John Duchi and Babak Ayazifar, Stanford University, Fall 2023

Lectures

  • Tuesdays and Thursdays, 12:00pm – 1:20pm

  • 420-040

Announcements

  • Guidelines for the final project are posted here.

  • Welcome to ENGR108, Fall Quarter 2023. We are excited to have you here!

About ENGR108

ENGR108 covers the basics of vectors and matrices, solving linear equations, least-squares methods, and many applications. We'll cover the mathematics, but the focus will be on using matrix methods in applications such as tomography, image processing, data fitting, time series prediction, finance, and many others. Matrix methods should not be a spectator sport. In this course, students use the language Julia to do computations with vectors and matrices. The course is suitable for any undergraduate with the prerequisites or equivalent background.

The class is based on the book Introduction to Applied Linear Algebra by Stephen Boyd and Lieven Vandenberghe, which is available on-line.

ENGR108 is part of the EE and MS&E core requirements, and certified as a Ways of Thinking course for both formal reasoning (FR) and applied quantitative reasoning (AQR). Additionally, this course is approved for the Computer Science BS Math Elective and also satisfies the Mathematics & Statistics requirement in the School of Engineering.

ENGR108 was originally created as EE103/CME103 by Stephen Boyd and his band of (then undergraduate) co-conspirators: Ahmed Bou-Rabee, Keegan Go, Jenny Hong, Karanveer Mohan, Jaehyun Park, and David Zeng. It was taught for the first time Autumn quarter 2014–15.

Course requirements

  • Attendance and weekly participation in class

  • Weekly homework assignments: we will normally assign homework each Thursday, which will be and due the following Wednesday by 11:59pm Pacific time. Late homework will not be accepted. You are allowed, even encouraged, to work on the homework in small groups, but you must write up your own homework to hand in and credit your other group members.

  • Two midterm exams (in class, one about 2/5 of the way and the other about 4/5 of the way through the course). The midterm will be closed book except that you may bring in one (1) sheet of paper, with material on the front and back.

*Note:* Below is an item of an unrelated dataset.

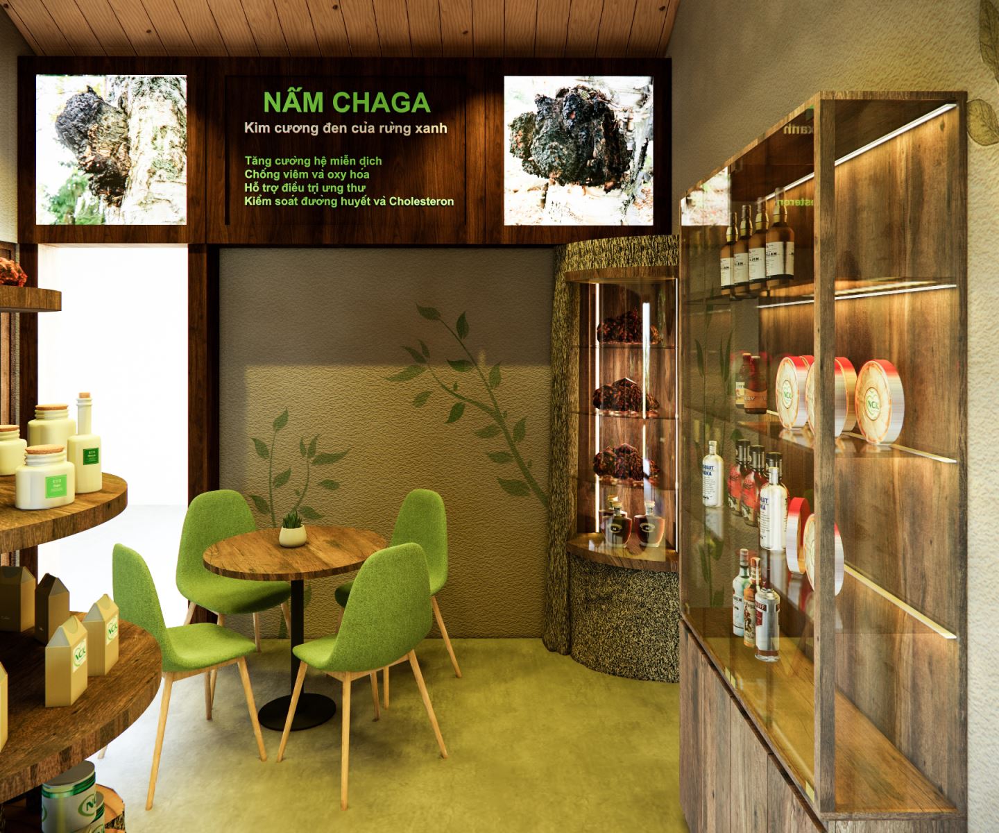 Thiết kế showroom thực phẩm dinh dưỡng – Không gian trưng bày nấm Chaga & yến sào
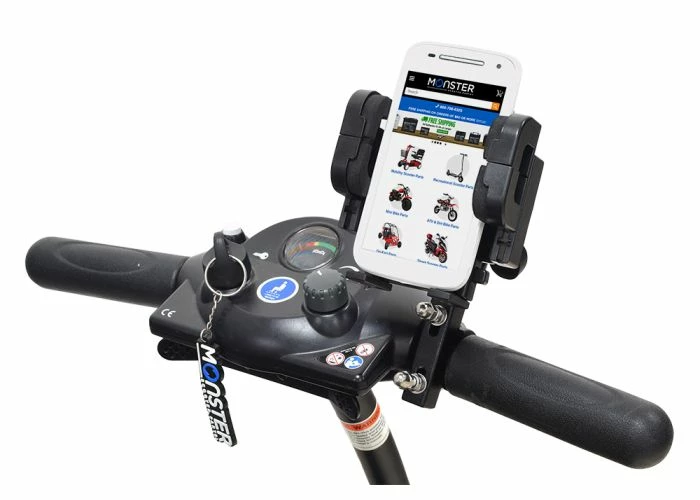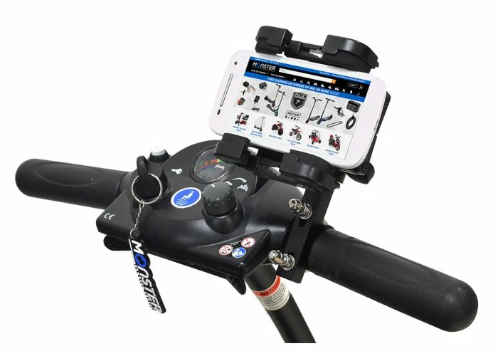 This high quality black holder really grabs your electronic device with its adjustable “wings” that can slid in or out, and then locked down tight and secure. There is a protective foam pad to ensure your cellphone or iPod doesn’t get bumped and rattled all around. And best of all; it will quickly mount on just about any and every handlebar, or armrest bracket used on scooters, wheelchairs and power chairs today. With the holder’s universal mounting setup, it is perfect for all the top brands, such as ActiveCare, Go-Go, Jazzy, Invacare, Merits, Pride Mobility, Shoprider, and Rascal scooters and power chairs just to name a few.

  • Final exam: we will have a small final project, details to be determined.

Grading

We will weight the various parts of the class as follows:

  • Attendance/participation 5% (this will be a combination of your section participation and your Ed participation, weighting toward whichever you make more contributions to)

  • Homework 55%

  • Midterm 1: 15%

  • Midterm 2: 15%

  • Final 10%

We reserve the right to change the grading rubric at any point in time during the course.

Prerequisites

You do not need to have seen any linear algebra before; we will develop it from scratch. Math 51 is nominally a prerequisite, but we will use relatively little of this material. In the course you'll do some very simple programming in the language Julia, so you should have seen some very basic simple programming. CS106A or equivalent (which is much more than you will need) is a prerequisite or corequisite. You do not need to know about any applications; we'll cover that in detail. Even if you have already seen all the material in the course (e.g., vectors, matrices, least squares) we encourage you to take it, because (we guess) you haven't seen it the way we will present it.